Commander Michel Falzone, first female captain of the USS Fort Worth, was honored April 10 at the USS Fort Worth Support Committee’s Women in Leadership event.

Being from a military family, born in North Carolina, Commander Falzone graduated from Vanderbilt University in 1998 with a Bachelor of Science in biology. She was commissioned in the United States Navy in 1999 and became a qualified nuclear engineer. Besides several commendations of merit for service, she was identified as the Navy’s 2002 Nuclear Engineer of the Year.

Mayor Betsy Price and Congresswoman Kay Granger attended the event, along with a crowd of 100 who were present to acknowledge this milestone in naval leadership. USS Fort Worth Support Committee Executive Director Kristen Harford organized and promoted the occasion.

Dr. Nancy Jones, principal officer of the North Texas Community Foundation, moderated the panel of three women leaders – Falzone, Granger and Price. Each woman explained how they entered public service and their experience as a woman, competing in a world of aggressive leaders.

It was reported that all the ships in the U.S. Navy named after a city have citizen public support committees. However, the USS Fort Worth Support Committee has become known as the most active and effective of these naval ship committees.

Today’s U.S. Navy has about 325,000 personnel, one sixth of which are female.

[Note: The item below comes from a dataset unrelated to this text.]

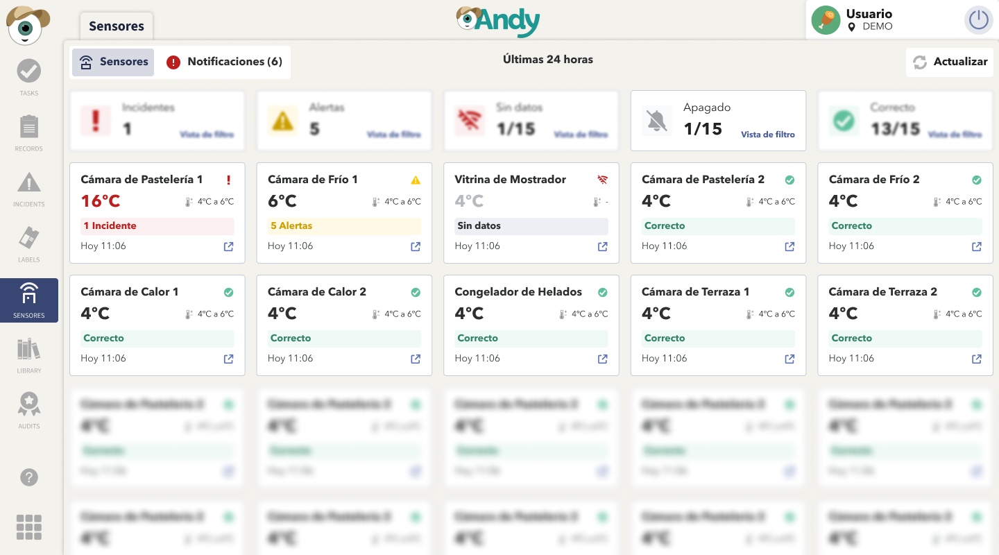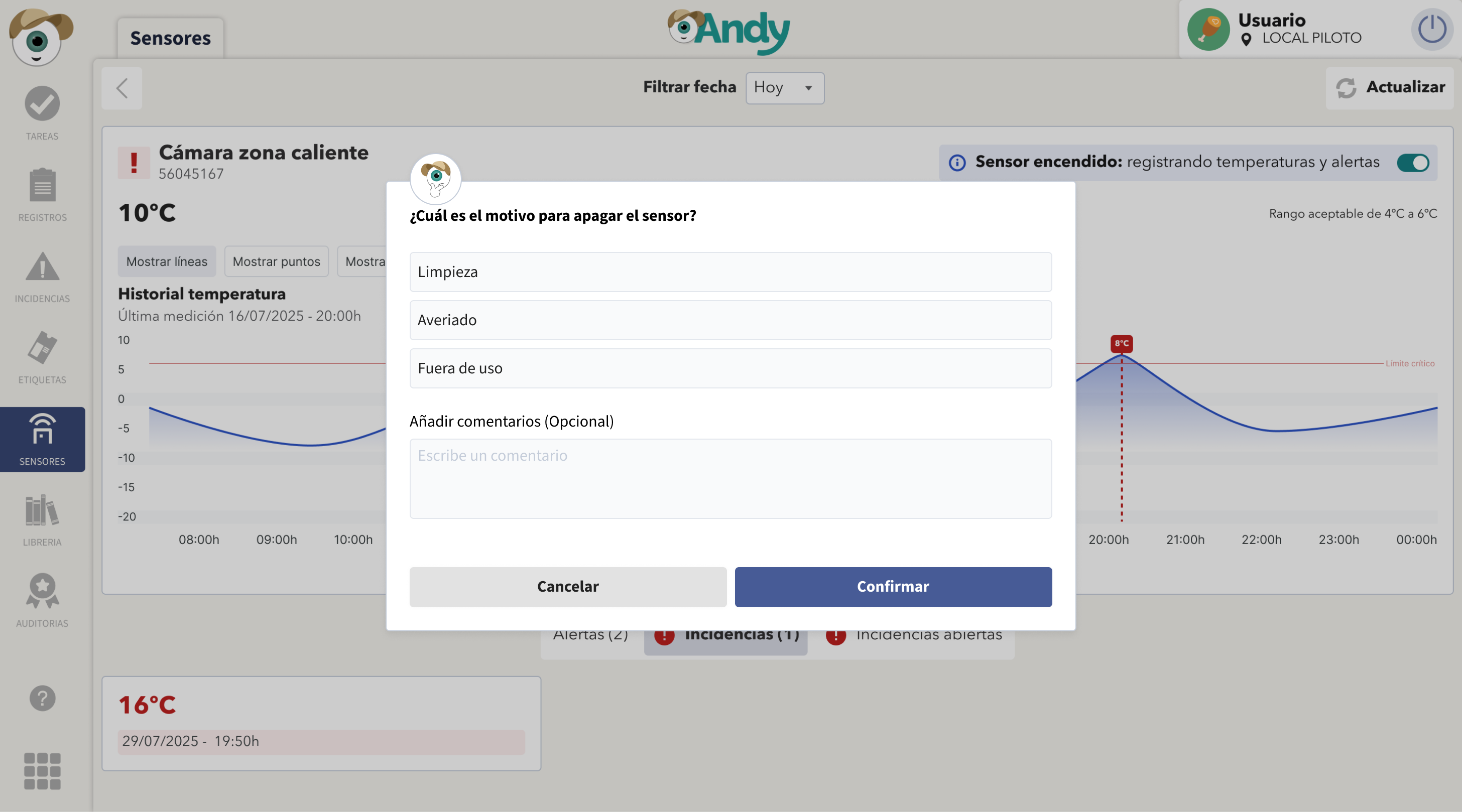 El apagado de sensores es una funcionalidad que permite desactivar temporalmente sensores directamente desde Andy APP, evitando que generen alertas e incidencias mientras se encuentren apagados.
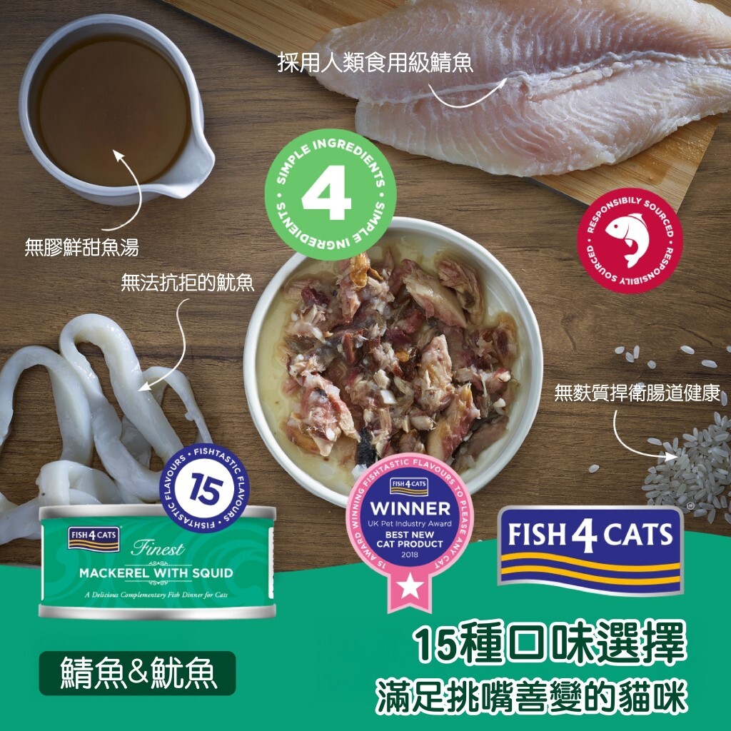 Fish4Cats - 鯖魚塊魷魚 Mackerel with Squid (淺綠) 70g

The first female Navy combat ship captain was CDR Maureen Farren in 1998.

Granger’s leadership role as chairman of the Defense Appropriations Subcommittee of the U.S. Congress enabled her to accomplish honoring Fort Worth, the 16th largest city in the United States, by naming a newly modern combat Navy ship after our city.

Fort Worth’s own Gordon R. England, a TCU graduate with a master’s degree in engineering, served as the 25th U.S. deputy secretary of defense under Presidents Bush and Obama. He played a key role in the development of the USS Fort Worth, working with Granger and was present with us at the ship’s 2010 christening in Marinette, Wis., and her commissioning in Galveston.

The USS Fort Worth is a freedom-class littoral combat ship of the United States Navy, built by Lockheed-Martin. Currently, the USS Fort Worth is the fastest combat Navy ship, capable of a 40-knot speed (46 mph). She’s already had extensive assignments in the Asia-Pacific region and is slated for missions around the Korean peninsula. Her home depot is San Diego.